A couple years ago I read the book Skinny Bitch . When I bought it I had no idea it was about being a vegan. I quickly finished the book and stuffed it away on my self. Life without fried shrimp? Life without cheese? Life without QUESO?!?!? What a terrible idea. The book was soon forgotten and life continued as usual, with the normal American diet.
Fast forward to summer 2010. For some reason I felt compelled to revisit this weird book. I had found out earlier in the year that Ellen was a vegan. A friend from high school mentioned Skinny Bitch on facebook and said it changed her life. I read that Alicia Silverstone wrote a new book on being vegan. I visited family in Michigan and my aunt's a vegetarian. I'd been drinking original soymilk for almost a year and loved it, not missing regular cow's milk at all. I then reread Skinny Bitch. Seriously read. Absorbed every word. Saw the images in my head. My life was forever changed.
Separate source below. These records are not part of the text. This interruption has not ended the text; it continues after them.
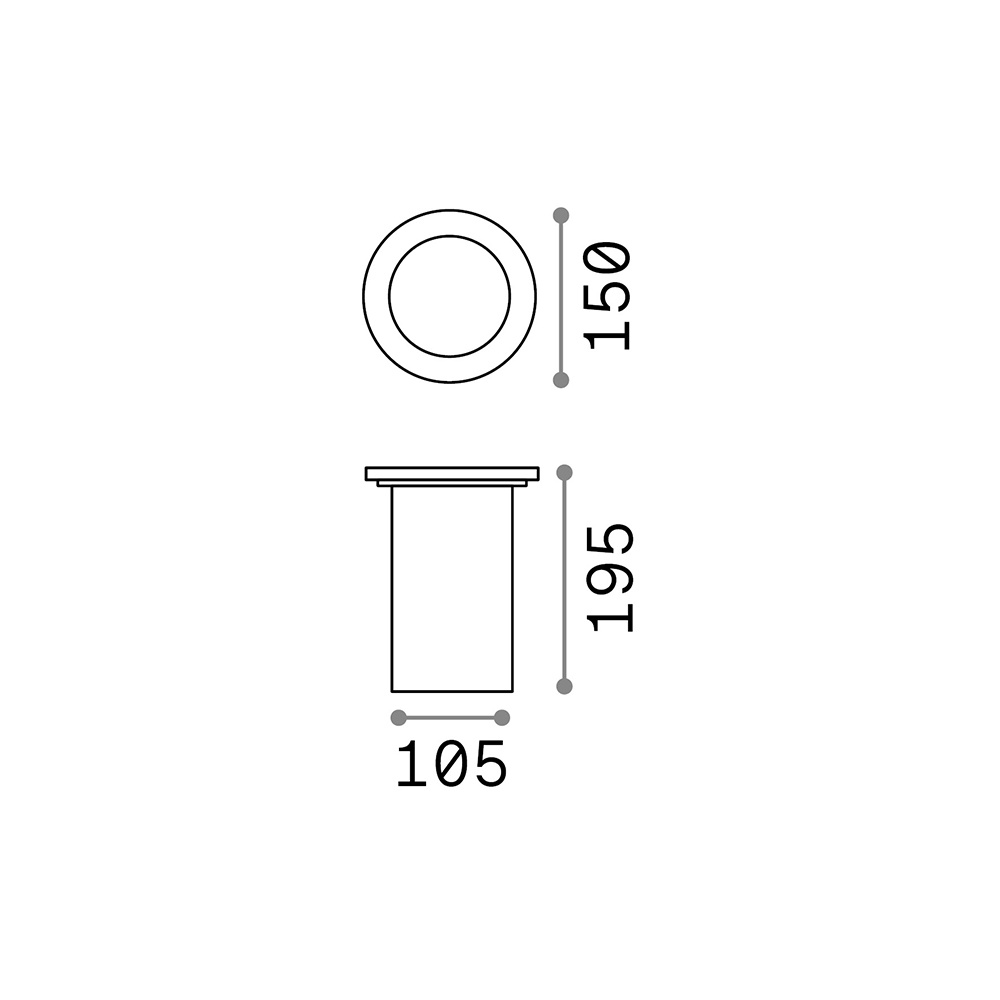 Spot rotondo da incasso al suolo o parete. Corpo luce esterno in PVC. Parabola riflettente in alluminio.. Cornice blocca vetro in acciaio satinato. Vetro trasparente. Disponibile in due dimensioni.
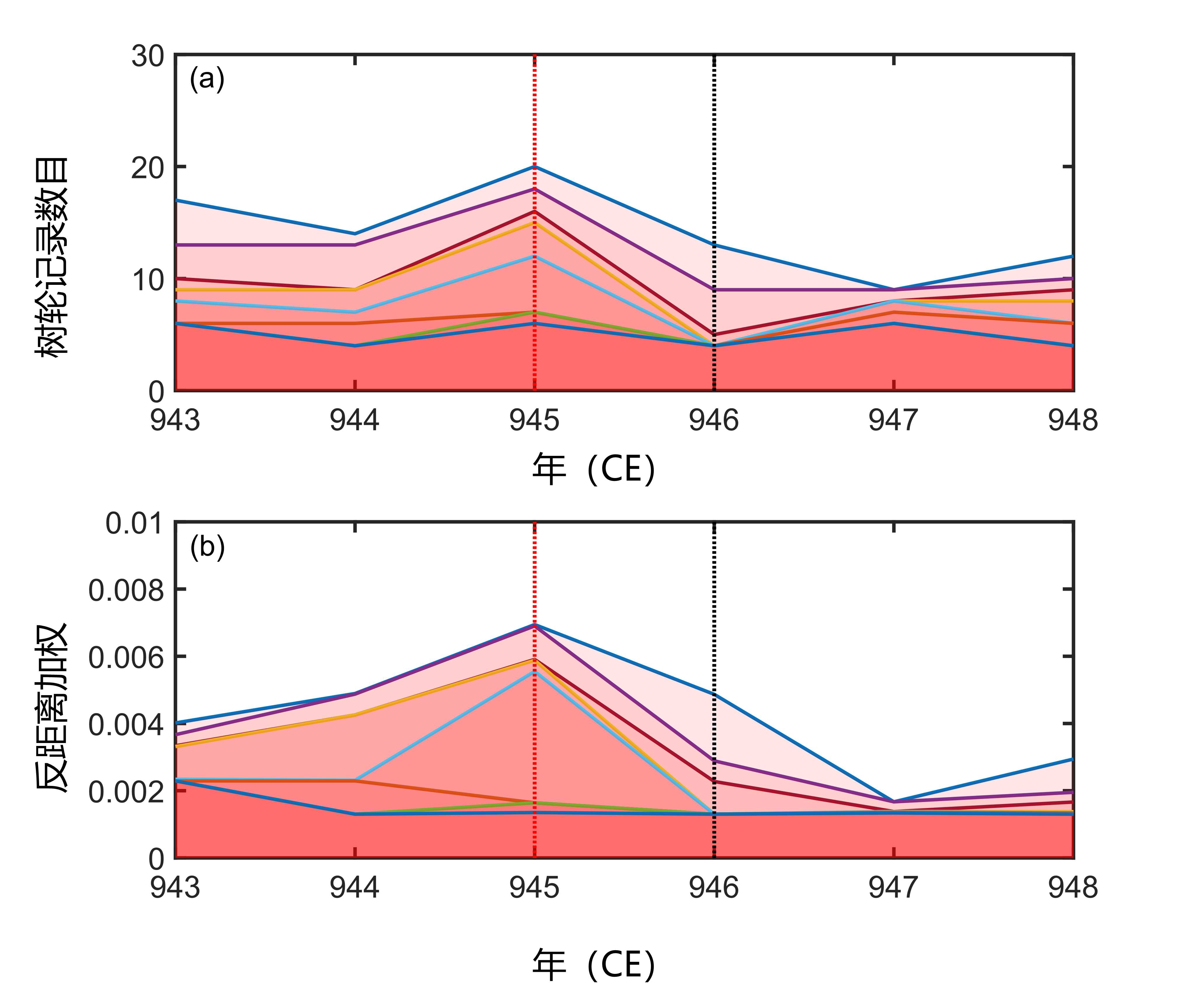 代用记录分析结果表明,亚洲、加拿大、欧洲和美国树轮宽度在公元945年出现了显著负异常(图1)。时序叠加分析方法(Superposed Epoch Analysis,SEA)分析表明,研究选取的树轮宽度记录大部分在火山喷发次年显著降低,这说明火山强迫与树轮宽度的负异常之间可能存在着密切的联系(图2)。因此,树轮记录在公元945年显著的负异常可能指示了千年大喷发的发生和其显著的气候影响。由于树轮宽度对强火山喷发的响应可能存在时滞效应,研究推测千年大喷发的时间可能在公元944–945年。
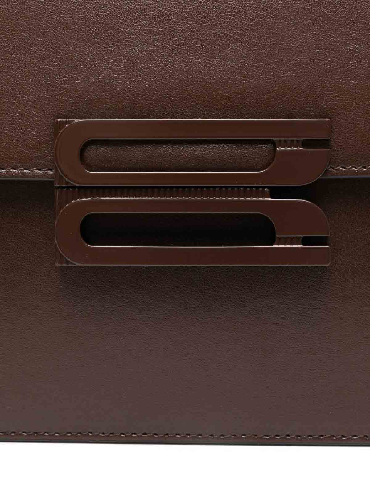 Bandolera Dorian de piel de becerro marrón oscuro con correa de hombro ajustable y extraíble. Cierre de broche con logotipo.

After that I read Alicia Silverstone's The Kind Diet. It did nothing but strengthen my desire to adapt this lifestyle. I love my dogs, I wouldn't eat them, why is a cow or chicken any different? Milk is meant to turn a 50lb calf into a 1500lb cow. I learned that in milk there is an ingredient called casein. It becomes much more concentrated in cheese. Metabolized into casomorphine in the body. Part of that word look familiar? It gives you the slightly happy feeling you get after eating cheese. It's there so the baby cows enjoy drinking their mom's milk and will drink more to get even bigger and fatter. No wonder I like cheese so much!
I watched Food, INC. on Netflix. I was super hard to watch. I know that not all slaughterhouses are quite so cruel, but the fact that even one exists at all is too much for me. I don't want baby male chicks at the egg factories to literally be thrown in the trash. I was so suprised to learn how the genetically modified RoundUp-Ready soybeans have mutilated the farming industry. I try not to buy stuff with GMOs!
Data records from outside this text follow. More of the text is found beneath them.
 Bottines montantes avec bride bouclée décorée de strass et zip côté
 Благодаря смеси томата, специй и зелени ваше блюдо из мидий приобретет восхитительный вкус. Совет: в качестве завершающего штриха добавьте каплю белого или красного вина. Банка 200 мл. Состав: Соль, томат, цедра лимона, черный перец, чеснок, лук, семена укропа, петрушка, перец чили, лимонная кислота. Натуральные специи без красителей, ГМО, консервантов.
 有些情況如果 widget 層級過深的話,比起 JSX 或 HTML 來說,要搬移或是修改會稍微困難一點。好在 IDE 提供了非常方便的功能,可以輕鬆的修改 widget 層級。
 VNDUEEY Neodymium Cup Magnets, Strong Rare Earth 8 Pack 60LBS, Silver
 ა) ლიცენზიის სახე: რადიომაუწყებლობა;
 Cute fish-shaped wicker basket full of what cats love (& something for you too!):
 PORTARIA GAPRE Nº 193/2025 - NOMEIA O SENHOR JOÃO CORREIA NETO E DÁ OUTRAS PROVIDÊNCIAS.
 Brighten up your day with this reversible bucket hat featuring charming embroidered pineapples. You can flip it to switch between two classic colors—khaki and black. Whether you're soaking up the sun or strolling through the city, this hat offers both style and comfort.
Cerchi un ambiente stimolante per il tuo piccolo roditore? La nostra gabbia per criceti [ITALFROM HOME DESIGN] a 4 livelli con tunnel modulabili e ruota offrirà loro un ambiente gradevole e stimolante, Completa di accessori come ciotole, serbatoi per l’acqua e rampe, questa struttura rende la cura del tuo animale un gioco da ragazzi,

Trying to be vegan or even vegetarian while living with my parents was literally impossible, esp for a beginner like me. Luckily I moved to Kansas City soon after for school and once in my own apartment, it was easy to not buy meat or dairy.
I'd never really been a big meat eater. I never really liked steak, but learned to make myself enjoy it because I thought it was I was supposed to like. I mean, a good cut steak is one of the most expensive meals you can buy! I liked chicken, but unless it had a good sauce or is fried, I would usually only eat a couple bites. Fish is great, but it's hard to find good fish in OK, esp fish that doesn't come from a fish farm. I'd never really been a big egg fan either. I did like them hard boiled or deviled or in baked goods, but I never made or ate scrambled eggs or similar for myself unless I was at a restaurant and they came with my meal. I thought cow's milk was gross, unless it came full of chocolate. The only part of the vegan diet I thought would be tough for me to follow was the no cheese. I love cheese. But I like animals more than I like cheese. Not eating cheese isn't as tough as it seems. That being said, I still eat cheese about 40% of my days but I am working on cutting back even more. I don't eat meat. I've only eaten meat 3 times since moving to KC on august 1st. I had a sausage and cheese stuff jalapeno on gameday a couple weeks ago, a frisco melt from steak-n-shake last week (and felt like ass the next day, though probably from all the fries, not the burger) and then I had a chicken finger on an appetizer tray this past weekend while out to eat. They all tasted good. Its not that I dont like the taste of meat. But if I think consciously about how that meat got there, it doesnt taste quite as good.